Would you print the records below word for word, without the pictures?

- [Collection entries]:

+ + +

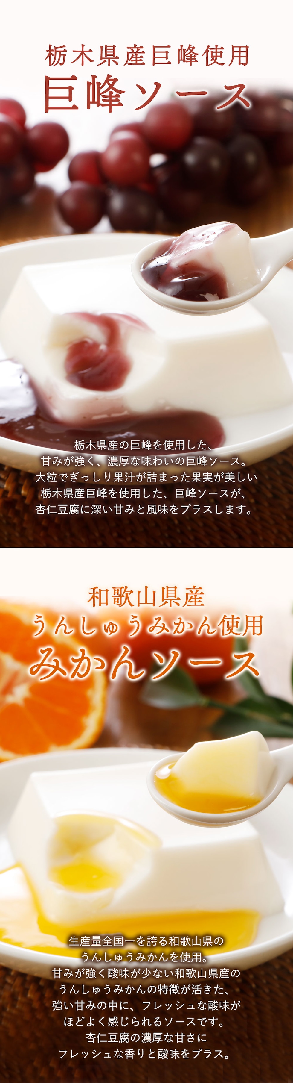 和楽の人気商品、杏仁豆腐のフルーツソース付きのギフトセット。栃木県産巨峰と、和歌山県産うんしゅうみかんを使用した2種類のフルーツソースがセットになっています。
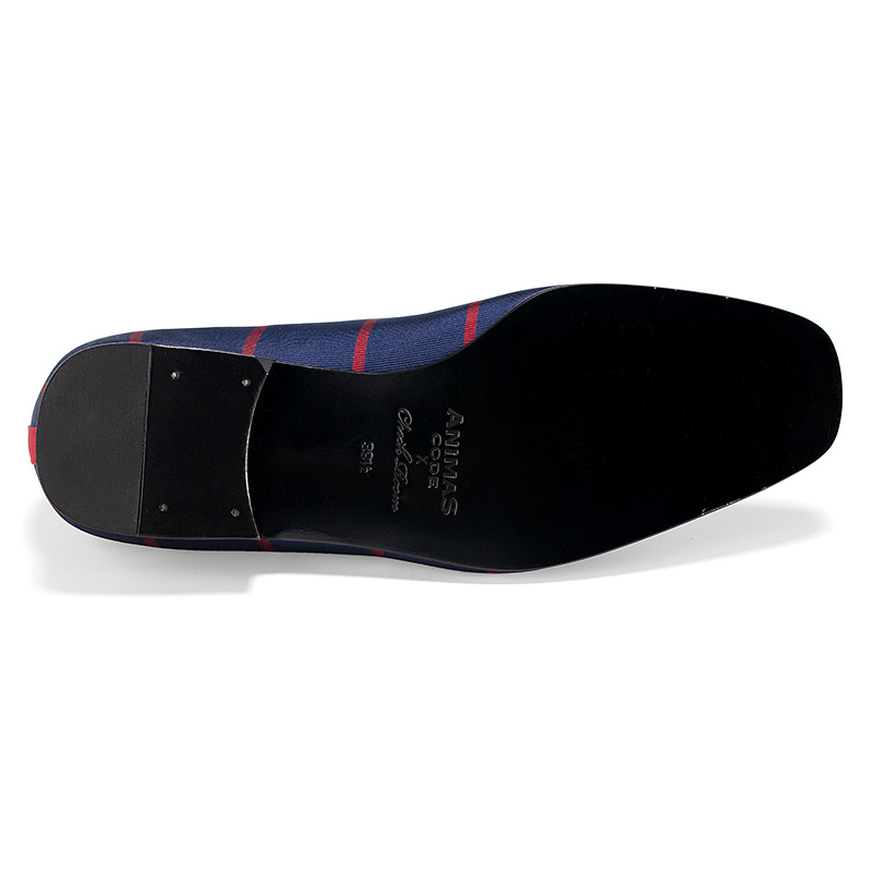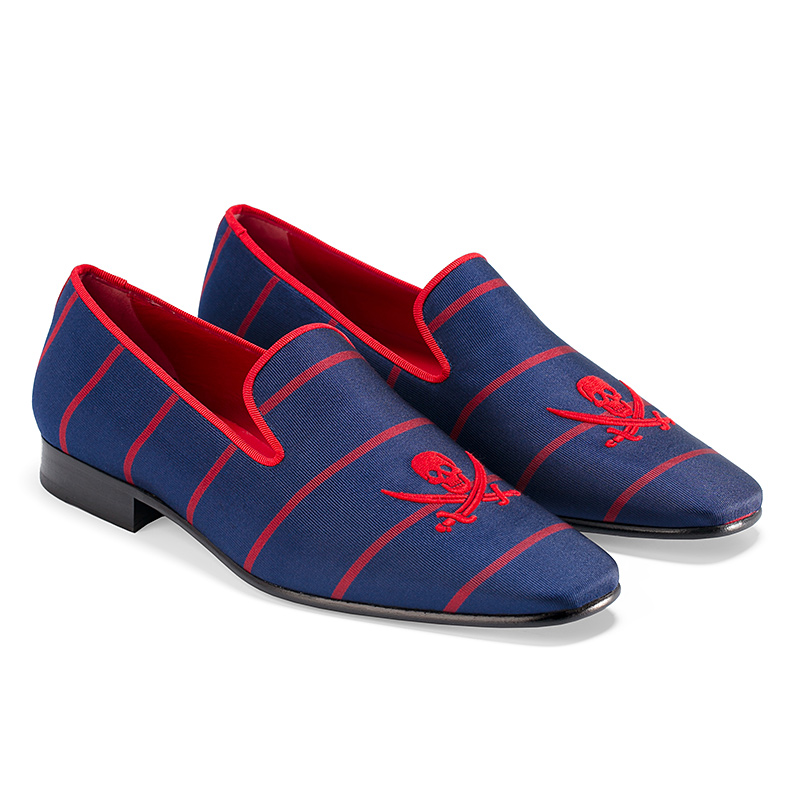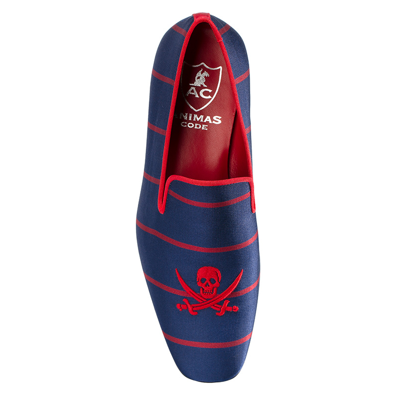 Мужские слиперы Aminas Code X Checkroom на тонкой кожаной подошве. С внешней стороны модель выполнена из шёлка синего цвета с красными полосами. Внутренняя отделка из ярко-красной кожи. Мыс украшен вышивкой в виде Веселого Роджера.
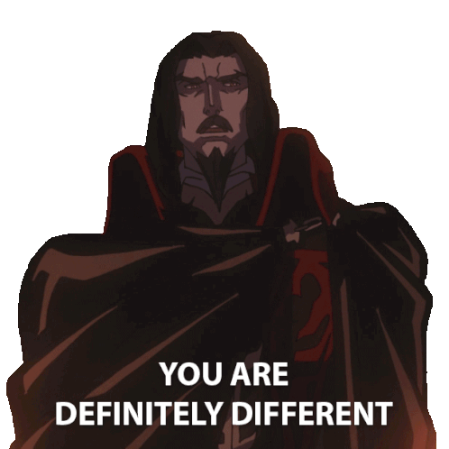 Vlad Dracula Tepes from Castlevania states, 'You are definitely different,' with a serious expression.
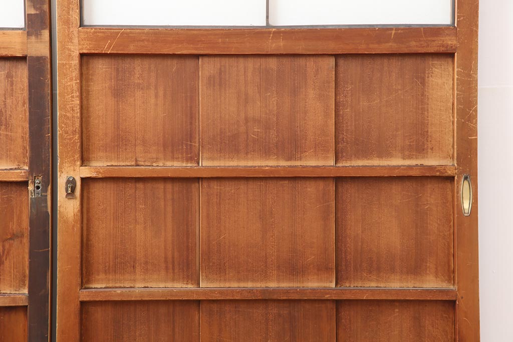 ラフジュ工房> ドア・建具> 引き戸 > アンティーク建具 昭和初期 レトロスタイルにおすすめのガラス障子戸2枚セット(腰付障子、腰高障子、建具、引き戸)(R-043867)
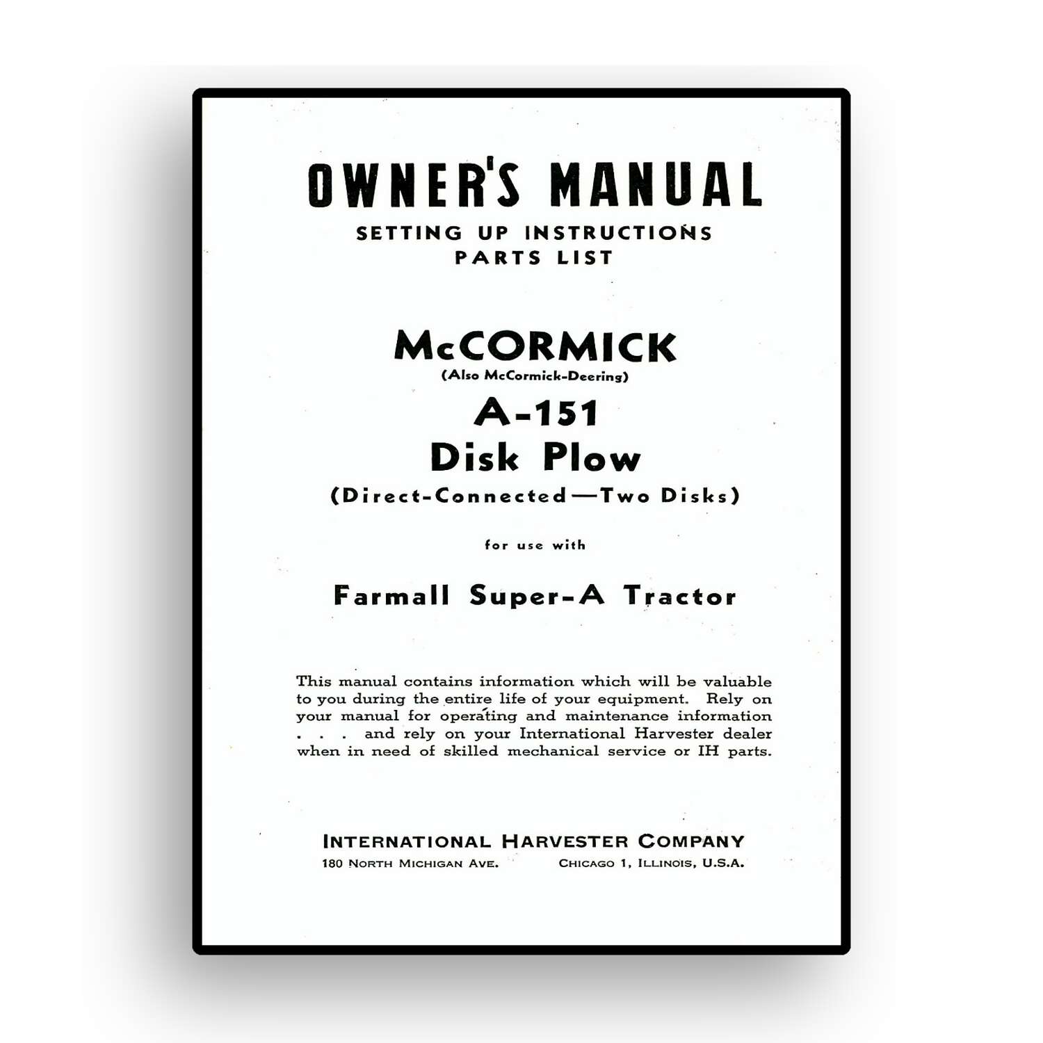 Owners Manual for McCormick A-151 Two-Disk Plow for Super A
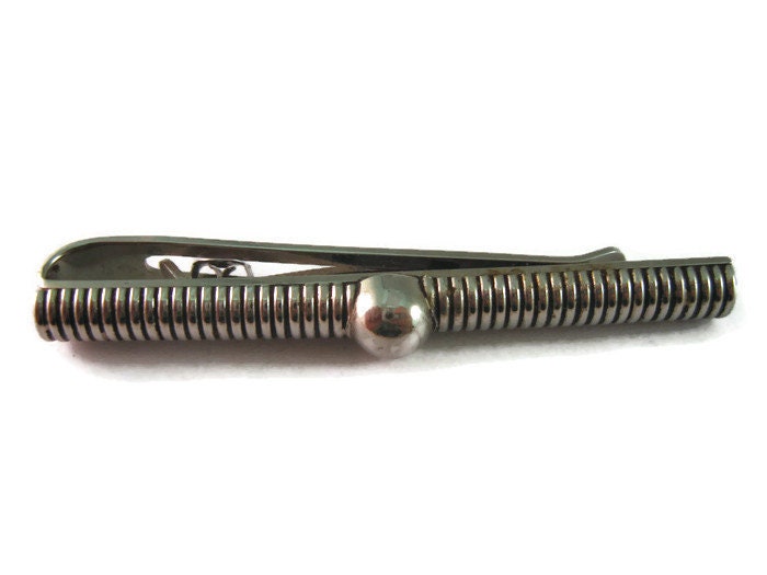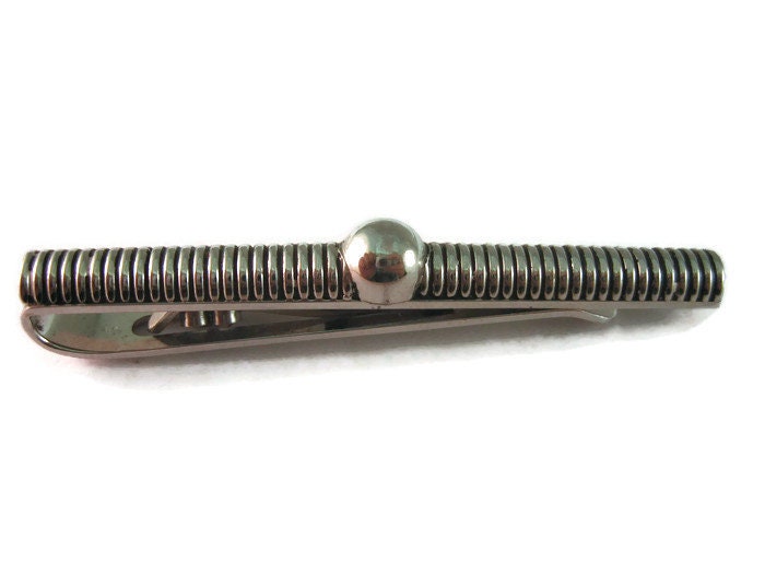 Vintage Men's Tie Bar Clip Jewelry: Very Cool Modernist Coil Ball Silver Tone Design
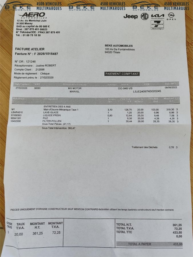 CONSTRUCTEUR MG 7 ANS - Durée : 38 mois : Garantie Constructeur MG
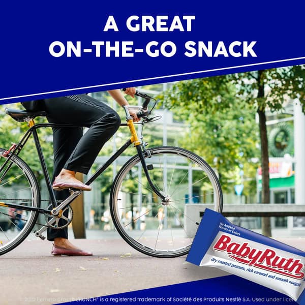 It’s time to get your sweet treat on with Baby Ruth Fun Size candy bars in a shareable bag. These peanuty, chocolatey and perfectly sized bars are small in size but big on taste. Packed with dry roasted peanuts, rich caramel and smooth nougat, these individually wrapped candy treats are easy to snack on and enjoy. The shareable pack lets you take these irresistible chocolate bars anywhere and share with anyone. They’re great for the home or office candy bowl, parties, get-togethers, dessert or a movie night sweet treat. Baby Ruth is made with no artificial flavors or colors. Baby Ruth Fun Size candy bars are the treat everyone knows and loves.
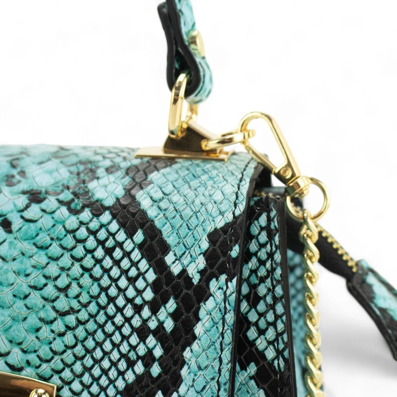 Un bolso muy original para lucir a diario, realizado en Piel 100% genuina vacuno italiana, este bolso está hecho en Italia con una excelente manufactura y calidad, tiene un cierre broche metalizado en tono dorado muy original, con cierre de solapa y cremallera interior, con una preciosa asa de mano y cinta de cadena en tono dorado.
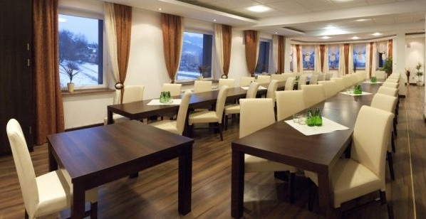 Dysponujemy salą restauracyjną. Sala jest duża, jasna, elegancka, z panoramicznym widokiem na góry i Dunajec. Oferujemy menu kuchni polskiej i europejskiej oraz kontynentalne śniadania. Serwujemy dobrą kawę i bogaty wybór herbat. W czasie wolnym można skorzystać z wielu atrakcji np: quady, spływ Dunajcem, wędrówki piesze, paintball, wspinaczka i inne. Restauracja Hotelu Smile*** serwuje pyszne dania kuchni polskiej. W menu znaleźć można także wyśmienite dania z grilla oraz będące naszą specjalnością naleśniki słodkie i wytrawne.W subtelnym klimacie i przy nastrojowej muzyce warto się skusić na aromatyczną kawę, serwowaną wraz z pysznymi domowymi wypiekami. Rodzice z dziećmi na pewno docenią przeznaczone dla nich udogodnienia: krzesełka do karmienia czy kącik zabaw dla maluchów. Wieczorem, po pełnym wrażeń dniu zapraszamy do naszego baru, w którym mogą Państwo skosztować znajdujących się w ofercie drinków, alkoholi, przekąsek oraz zamówić dania z karty. Na dużym telewizorze można obejrzeć wiadomości ze świata lub emocjonujące wydarzenia sportowe.
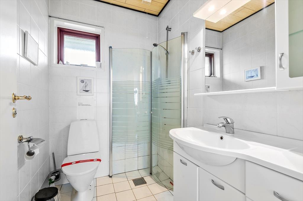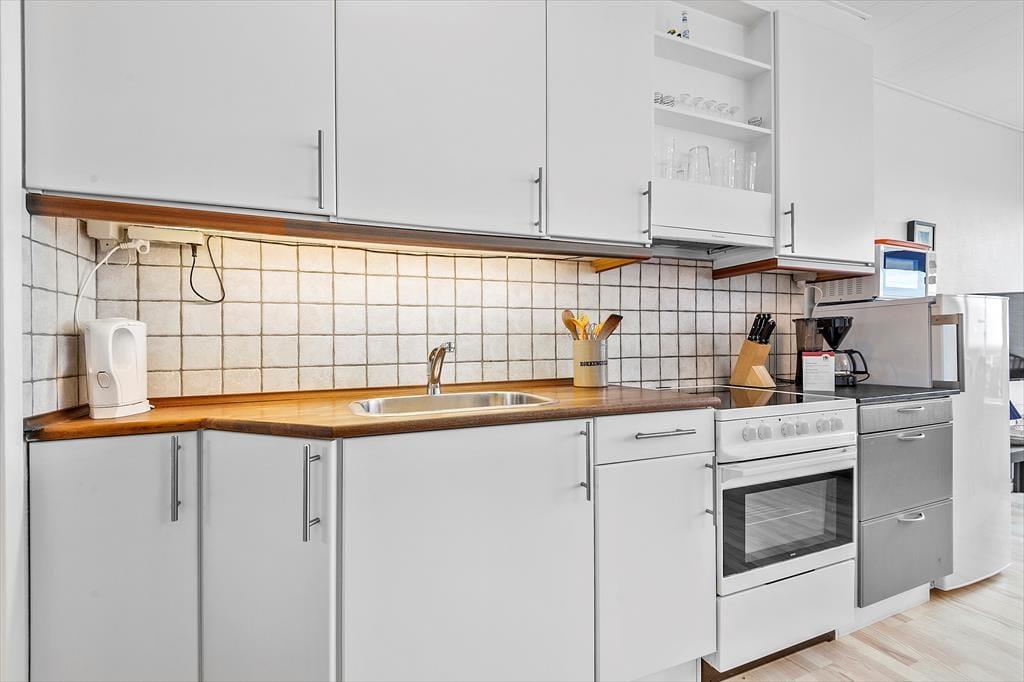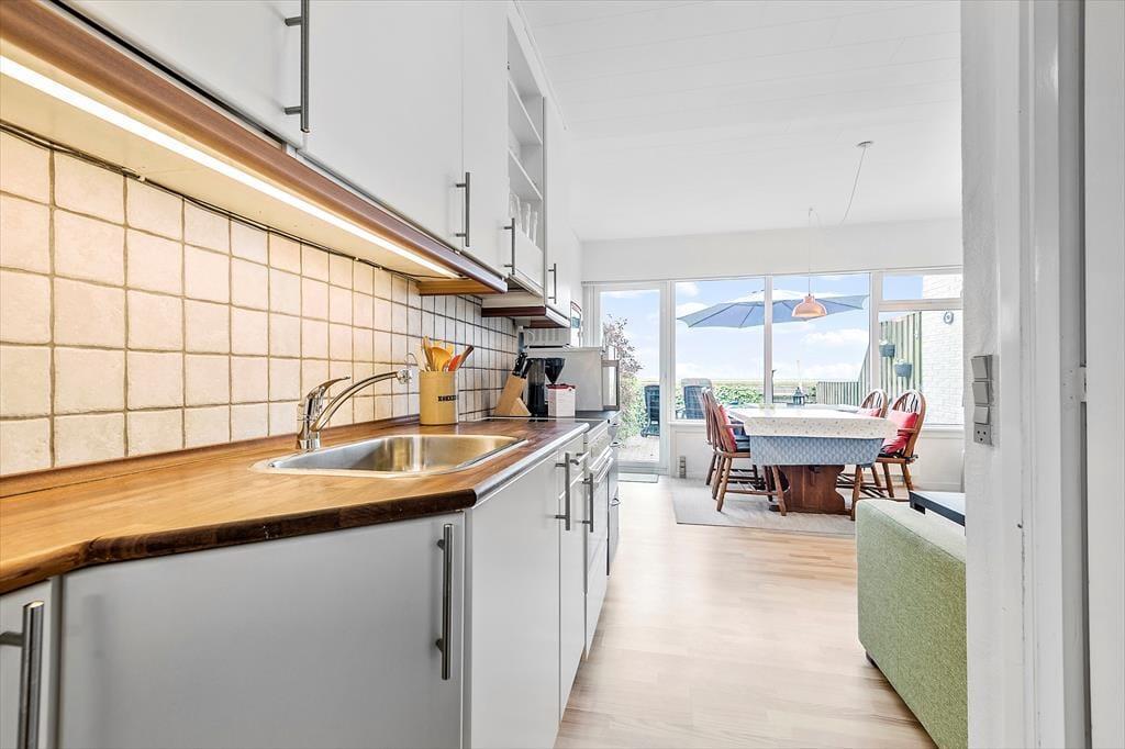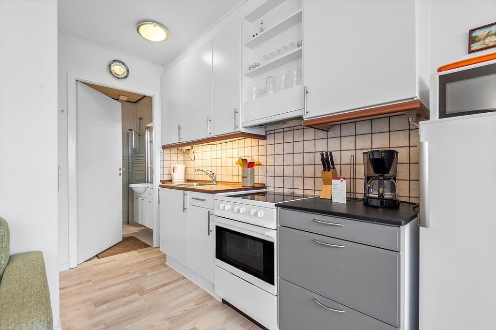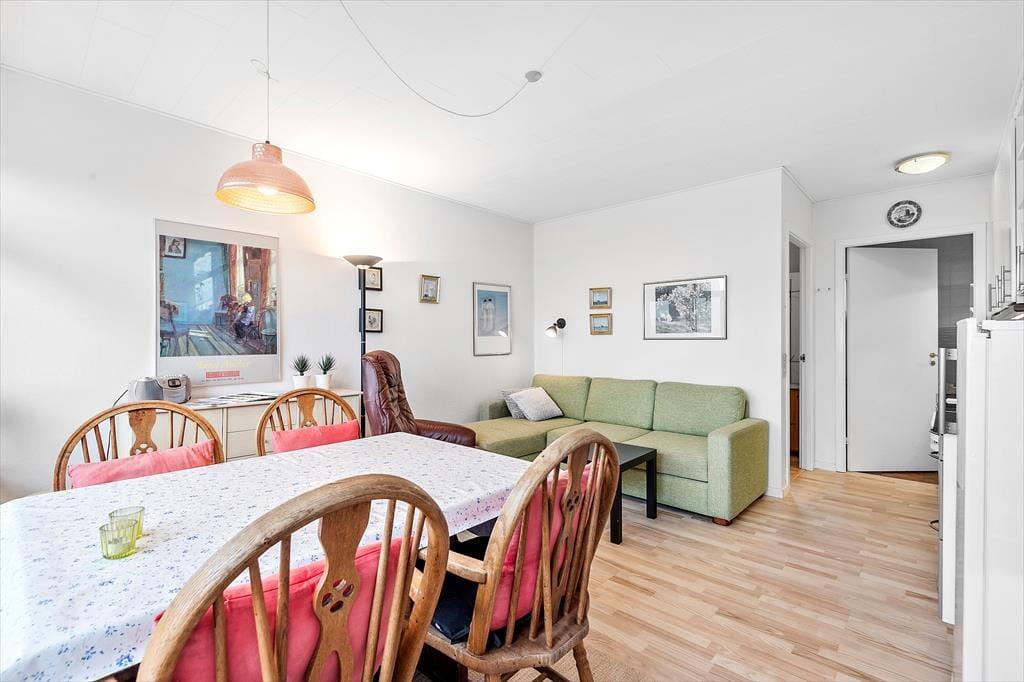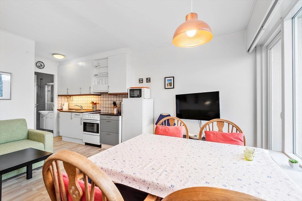 Rækkehuset ligger direkte ud til vandet, og derfor er udsigten fra stuen så glimrende. Opholdsrummets vinduesparti går fra væg til væg, så I får mest muligt ud af de flotte naturomgivelser, og det optimerer selvfølgelig også lysindfaldet. Møbleringen i stuen er hyggelig: Her er et spisebord til fire personer, bløde siddemøbler og en veludstyret køkkenafdeling, hvor I kan tilberede de lækre feriemåltider. Sofaen er for øvrigt en dobbelt sovesofa, som er et godt supplement til soveværelsets dobbeltseng. Et pænt badeværelse med en god brusekabine hører også med til planløsningen i det flot renoverede rækkehus.

+ + +

- [WRITTEN RESPONSE]:
 和楽の人気商品、杏仁豆腐のフルーツソース付きのギフトセット。栃木県産巨峰と、和歌山県産うんしゅうみかんを使用した2種類のフルーツソースがセットになっています。
 Мужские слиперы Aminas Code X Checkroom на тонкой кожаной подошве. С внешней стороны модель выполнена из шёлка синего цвета с красными полосами. Внутренняя отделка из ярко-красной кожи. Мыс украшен вышивкой в виде Веселого Роджера.
 Vlad Dracula Tepes from Castlevania states, 'You are definitely different,' with a serious expression.
 ラフジュ工房> ドア・建具> 引き戸 > アンティーク建具 昭和初期 レトロスタイルにおすすめのガラス障子戸2枚セット(腰付障子、腰高障子、建具、引き戸)(R-043867)
 Owners Manual for McCormick A-151 Two-Disk Plow for Super A
 Vintage Men's Tie Bar Clip Jewelry: Very Cool Modernist Coil Ball Silver Tone Design
 CONSTRUCTEUR MG 7 ANS - Durée : 38 mois : Garantie Constructeur MG
 It’s time to get your sweet treat on with Baby Ruth Fun Size candy bars in a shareable bag. These peanuty, chocolatey and perfectly sized bars are small in size but big on taste. Packed with dry roasted peanuts, rich caramel and smooth nougat, these individually wrapped candy treats are easy to snack on and enjoy. The shareable pack lets you take these irresistible chocolate bars anywhere and share with anyone. They’re great for the home or office candy bowl, parties, get-togethers, dessert or a movie night sweet treat. Baby Ruth is made with no artificial flavors or colors. Baby Ruth Fun Size candy bars are the treat everyone knows and loves.
 Un bolso muy original para lucir a diario, realizado en Piel 100% genuina vacuno italiana, este bolso está hecho en Italia con una excelente manufactura y calidad, tiene un cierre broche metalizado en tono dorado muy original, con cierre de solapa y cremallera interior, con una preciosa asa de mano y cinta de cadena en tono dorado.
 Dysponujemy salą restauracyjną. Sala jest duża, jasna, elegancka, z panoramicznym widokiem na góry i Dunajec. Oferujemy menu kuchni polskiej i europejskiej oraz kontynentalne śniadania. Serwujemy dobrą kawę i bogaty wybór herbat. W czasie wolnym można skorzystać z wielu atrakcji np: quady, spływ Dunajcem, wędrówki piesze, paintball, wspinaczka i inne. Restauracja Hotelu Smile*** serwuje pyszne dania kuchni polskiej. W menu znaleźć można także wyśmienite dania z grilla oraz będące naszą specjalnością naleśniki słodkie i wytrawne.W subtelnym klimacie i przy nastrojowej muzyce warto się skusić na aromatyczną kawę, serwowaną wraz z pysznymi domowymi wypiekami. Rodzice z dziećmi na pewno docenią przeznaczone dla nich udogodnienia: krzesełka do karmienia czy kącik zabaw dla maluchów. Wieczorem, po pełnym wrażeń dniu zapraszamy do naszego baru, w którym mogą Państwo skosztować znajdujących się w ofercie drinków, alkoholi, przekąsek oraz zamówić dania z karty. Na dużym telewizorze można obejrzeć wiadomości ze świata lub emocjonujące wydarzenia sportowe.
 Rækkehuset ligger direkte ud til vandet, og derfor er udsigten fra stuen så glimrende. Opholdsrummets vinduesparti går fra væg til væg, så I får mest muligt ud af de flotte naturomgivelser, og det optimerer selvfølgelig også lysindfaldet. Møbleringen i stuen er hyggelig: Her er et spisebord til fire personer, bløde siddemøbler og en veludstyret køkkenafdeling, hvor I kan tilberede de lækre feriemåltider. Sofaen er for øvrigt en dobbelt sovesofa, som er et godt supplement til soveværelsets dobbeltseng. Et pænt badeværelse med en god brusekabine hører også med til planløsningen i det flot renoverede rækkehus.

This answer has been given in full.